**PROBLEM DESCRIPTION**
In the listing below, the lines starting with the line with "一直在实验需求分析计算,发现" and going on through the line with "各教室で、手を挙げて答えまし" are to be reproduced exactly, and only those.

***** SUPPLIED RECORDS

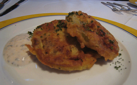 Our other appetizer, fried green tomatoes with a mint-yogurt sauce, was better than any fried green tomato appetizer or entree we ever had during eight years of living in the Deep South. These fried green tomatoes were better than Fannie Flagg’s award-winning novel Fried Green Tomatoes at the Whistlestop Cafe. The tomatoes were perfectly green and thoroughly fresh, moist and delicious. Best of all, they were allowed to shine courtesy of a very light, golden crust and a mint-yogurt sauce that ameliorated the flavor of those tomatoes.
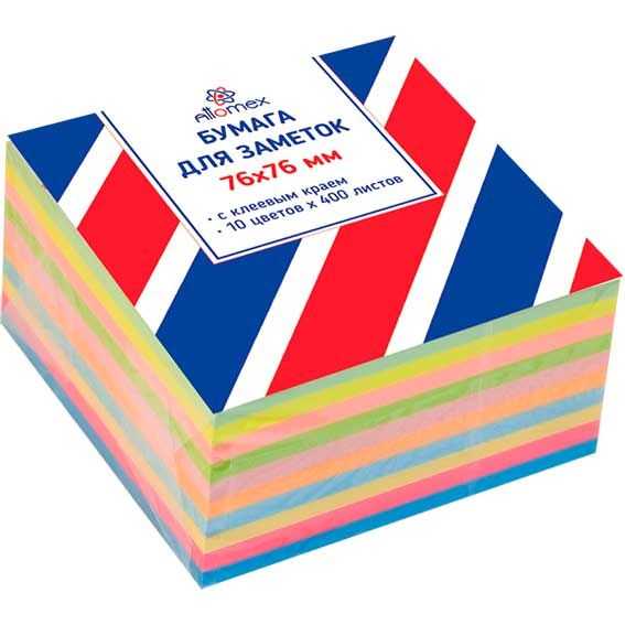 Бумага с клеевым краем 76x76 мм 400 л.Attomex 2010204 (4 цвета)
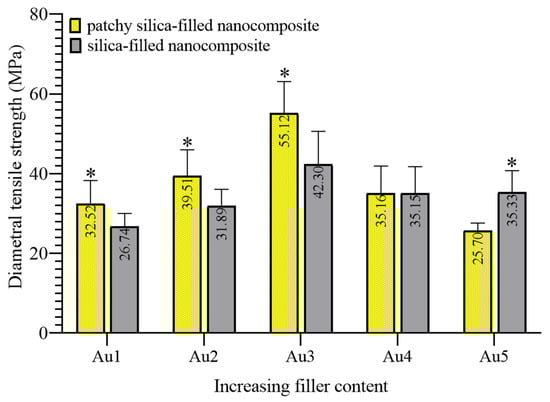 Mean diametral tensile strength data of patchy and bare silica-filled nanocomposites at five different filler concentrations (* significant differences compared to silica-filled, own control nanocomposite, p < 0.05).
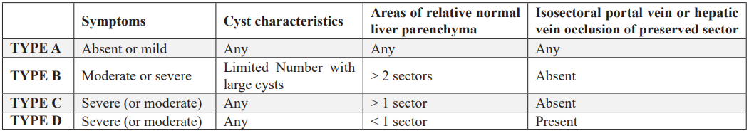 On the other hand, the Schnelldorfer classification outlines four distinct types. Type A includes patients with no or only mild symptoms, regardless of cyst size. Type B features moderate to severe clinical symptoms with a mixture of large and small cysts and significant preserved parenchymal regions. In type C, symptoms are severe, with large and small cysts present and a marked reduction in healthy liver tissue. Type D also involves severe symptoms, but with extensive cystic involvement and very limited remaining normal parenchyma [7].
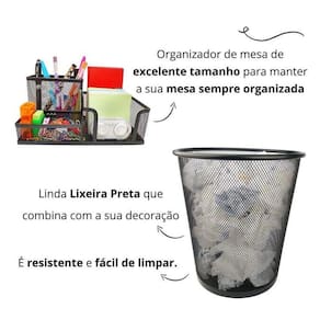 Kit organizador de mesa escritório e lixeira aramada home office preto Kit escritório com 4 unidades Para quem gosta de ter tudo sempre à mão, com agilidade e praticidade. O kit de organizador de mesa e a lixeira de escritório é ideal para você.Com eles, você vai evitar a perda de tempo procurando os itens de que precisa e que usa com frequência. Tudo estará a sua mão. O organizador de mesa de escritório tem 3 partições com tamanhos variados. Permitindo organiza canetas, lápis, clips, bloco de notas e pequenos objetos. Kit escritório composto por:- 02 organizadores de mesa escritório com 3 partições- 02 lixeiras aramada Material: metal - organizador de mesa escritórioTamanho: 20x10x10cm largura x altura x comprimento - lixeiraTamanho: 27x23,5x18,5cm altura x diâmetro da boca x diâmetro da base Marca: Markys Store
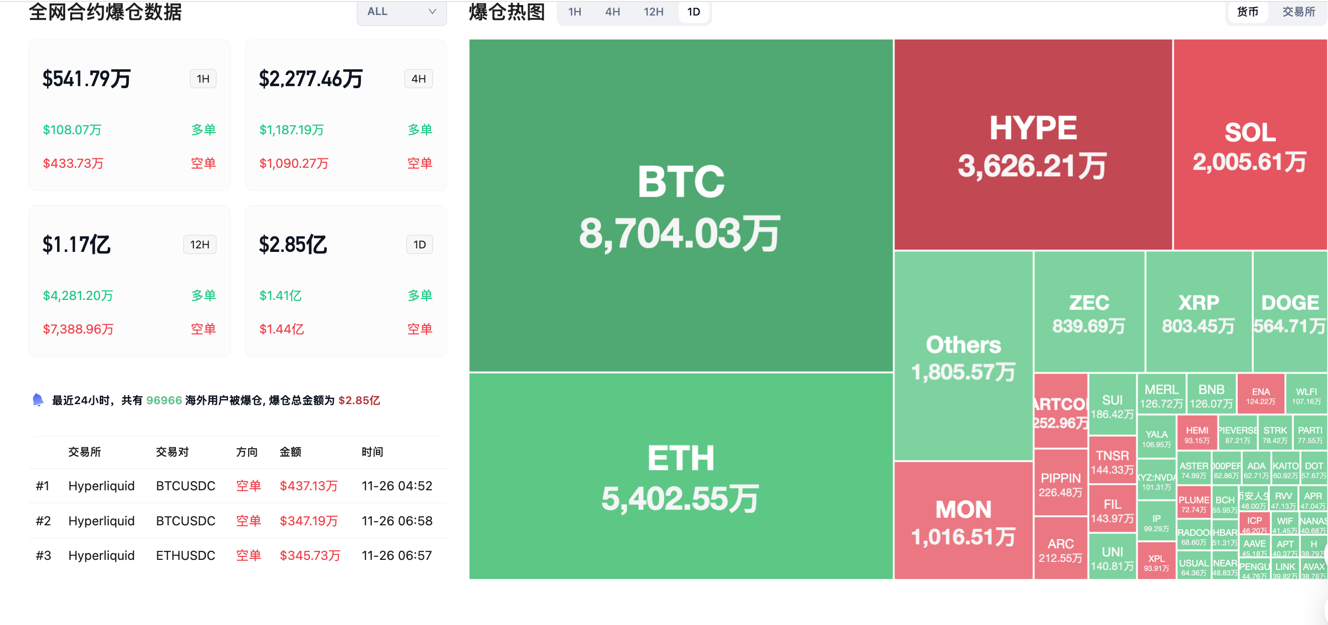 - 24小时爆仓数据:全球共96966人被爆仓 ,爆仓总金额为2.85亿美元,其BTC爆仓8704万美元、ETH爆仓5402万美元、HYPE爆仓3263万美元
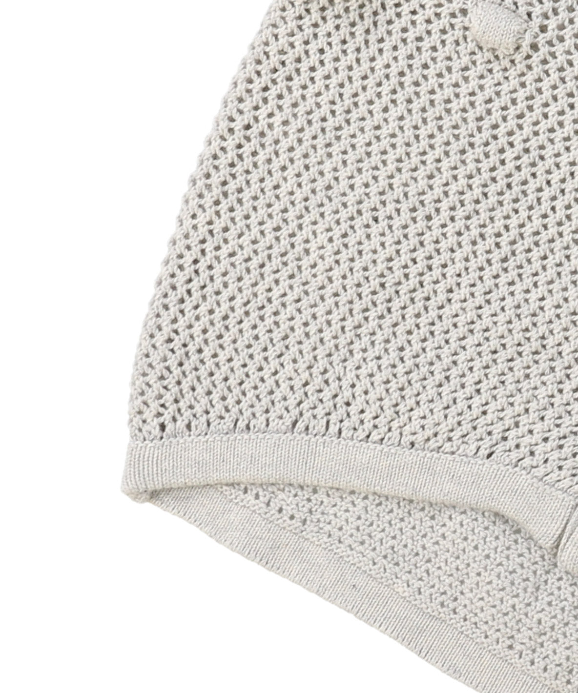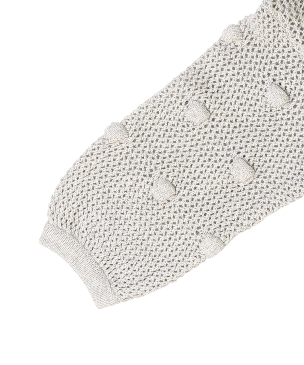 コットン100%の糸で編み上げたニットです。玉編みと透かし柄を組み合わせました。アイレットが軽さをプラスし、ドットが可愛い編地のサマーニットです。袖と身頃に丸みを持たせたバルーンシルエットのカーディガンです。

**********
***** SUPPLIED RECORDS

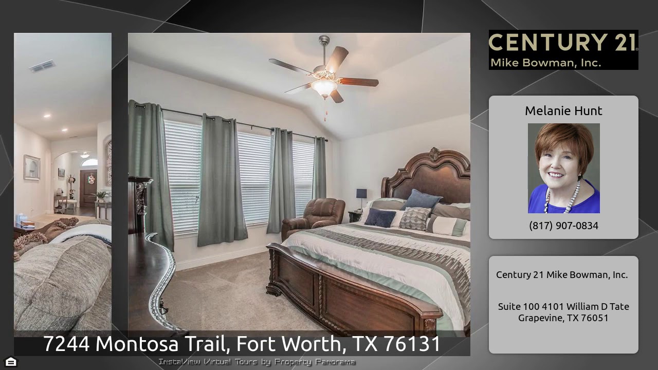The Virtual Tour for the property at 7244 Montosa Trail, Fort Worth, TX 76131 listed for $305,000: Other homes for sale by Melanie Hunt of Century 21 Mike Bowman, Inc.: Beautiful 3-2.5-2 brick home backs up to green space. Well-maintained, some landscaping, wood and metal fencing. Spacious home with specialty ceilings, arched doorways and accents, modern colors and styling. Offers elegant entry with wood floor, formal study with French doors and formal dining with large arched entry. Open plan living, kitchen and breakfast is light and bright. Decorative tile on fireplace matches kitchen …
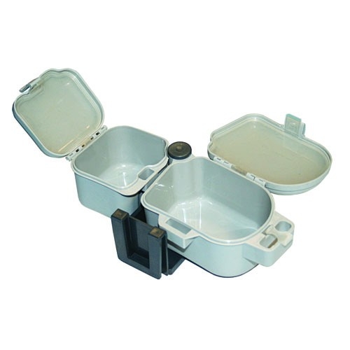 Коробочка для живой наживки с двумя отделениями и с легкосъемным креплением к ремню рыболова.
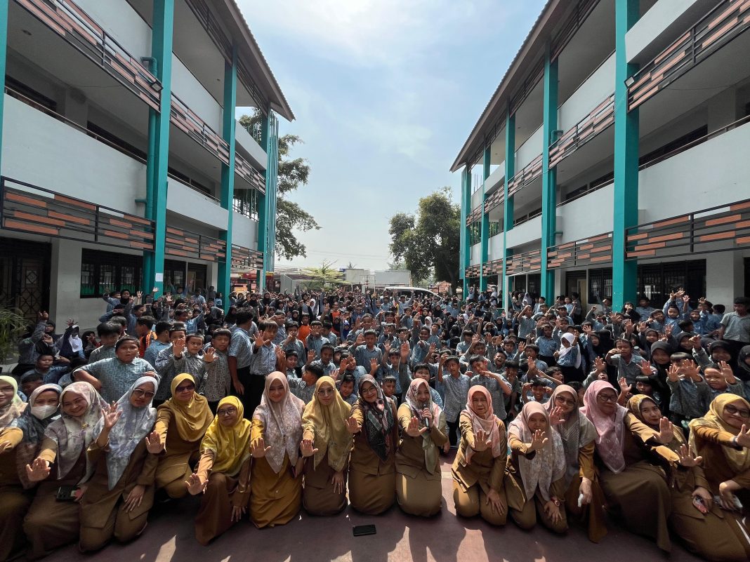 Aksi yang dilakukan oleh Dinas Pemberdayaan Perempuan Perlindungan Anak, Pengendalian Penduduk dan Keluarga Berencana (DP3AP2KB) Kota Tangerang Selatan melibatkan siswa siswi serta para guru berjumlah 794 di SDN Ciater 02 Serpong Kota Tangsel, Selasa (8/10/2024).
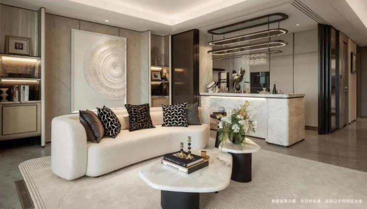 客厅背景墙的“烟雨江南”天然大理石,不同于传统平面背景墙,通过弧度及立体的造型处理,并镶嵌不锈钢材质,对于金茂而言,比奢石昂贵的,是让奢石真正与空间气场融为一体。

**********
***** SUPPLIED RECORDS

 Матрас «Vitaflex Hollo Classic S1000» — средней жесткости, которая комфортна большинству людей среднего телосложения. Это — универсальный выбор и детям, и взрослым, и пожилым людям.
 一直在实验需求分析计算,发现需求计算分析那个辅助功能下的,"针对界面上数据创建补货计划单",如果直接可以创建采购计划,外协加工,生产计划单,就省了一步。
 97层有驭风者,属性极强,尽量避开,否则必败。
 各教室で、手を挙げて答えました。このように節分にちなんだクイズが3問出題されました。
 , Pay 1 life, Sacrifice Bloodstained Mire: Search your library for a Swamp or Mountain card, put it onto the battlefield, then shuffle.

**********

**SOLUTION TO THIS PROBLEM**
 一直在实验需求分析计算,发现需求计算分析那个辅助功能下的,"针对界面上数据创建补货计划单",如果直接可以创建采购计划,外协加工,生产计划单,就省了一步。
 97层有驭风者,属性极强,尽量避开,否则必败。
 各教室で、手を挙げて答えました。このように節分にちなんだクイズが3問出題されました。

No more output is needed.